На улицу! На улицу! В метро! Втискиваюсь в переполненный вагон. Чем больше народу, тем лучше. Каждый человек — лишняя преграда между мной и консьержкой. Я торжествовал.
— Извините, мсье, — услыхал я женский голос и увидел высокое очаровательное существо с пышным бюстом, спрятанным под черным платьем и украшенным букетом фиалок. Поезд дергало, и фиалки лезли мне в глаза. — Извините, мсье!
Злобно улыбаясь, я глядел на нее снизу вверх.
— Больше всего на свете, мадам, я люблю цветы на балконе.
Тут я заметил, что моя красавица опирается на руку великана в шубе. Он побледнел как мел, и только его нос стал цвета зеленого сыра.

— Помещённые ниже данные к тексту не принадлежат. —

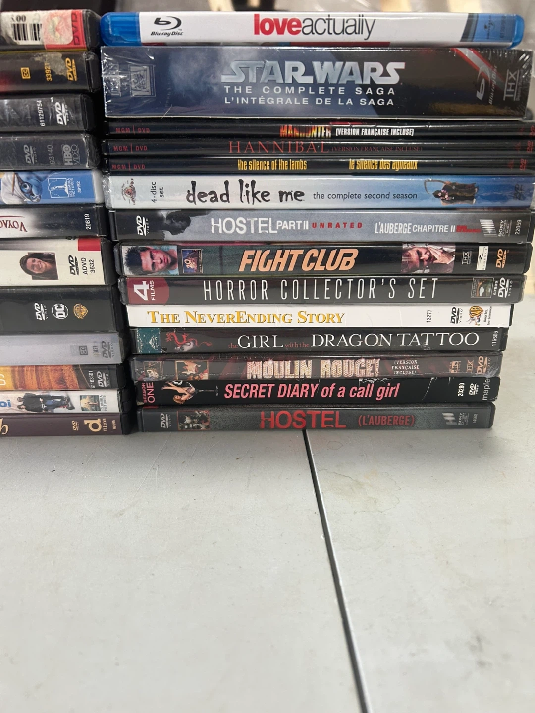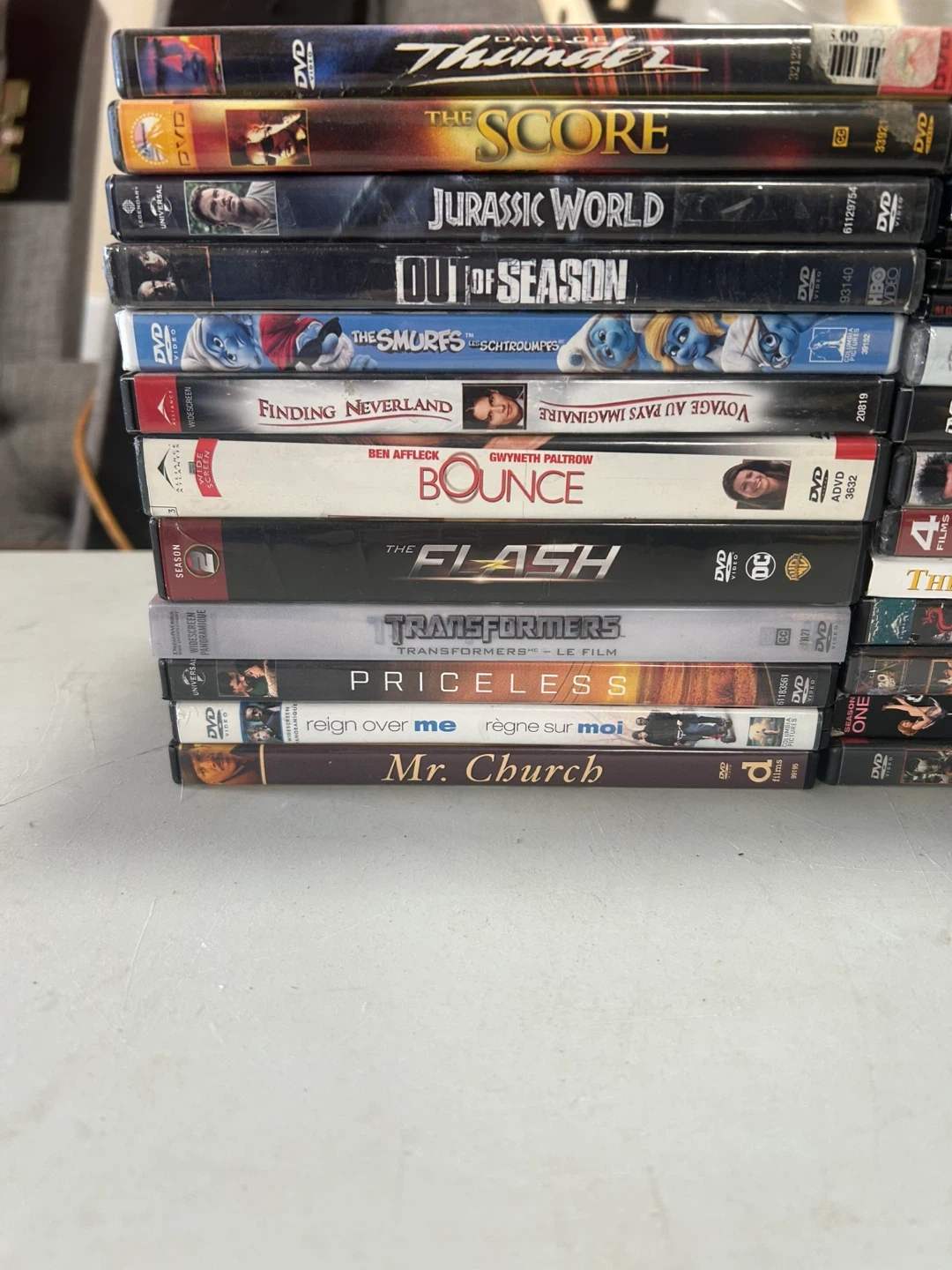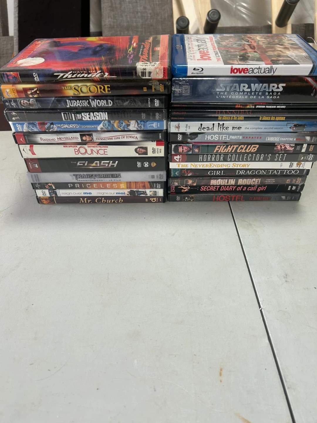 A collection of various DVDs and a single Blu-ray disc. Titles include 'Thunder', 'The Score', 'Jurassic World', 'Out of Season', 'The Smurfs', 'Finding Neverland', 'Bounce', 'The Flash', 'Transformers', 'Priceless', 'Reign Over Me', 'Mr. Church', 'Love Actually', 'Star Wars: The Complete Saga', 'Hannibal', 'Dead Like Me', 'Hostel Part II', 'Fight Club', 'Horror Collector's Set', 'The NeverEnding Story', 'Girl with the Dragon Tattoo', 'Moulin Rouge!', and 'Secret Diary of a Call Girl'. Price for all

— Что вы сказали моей жене?
Меня спас вокзал Сен-Лазар. Однако согласитесь, что даже автору «Фальшивых монет», «Чужих дверей», «Забытых зонтиков» и еще двух незаконченных книг нелегко было сохранить торжествующий вид.
Бесчисленные поезда продымили мой мозг, бесчисленные Дики Хармоны пробежали мимо, пока наконец прибыл нужный поезд. Небольшая кучка ожидающих придвинулась к барьеру и разразилась такими бурными приветствиями, что в моем воображении возникло многоголовое чудовище, за спиной которого не Париж, а большая ловушка, специально поставленная для приехавших простачков.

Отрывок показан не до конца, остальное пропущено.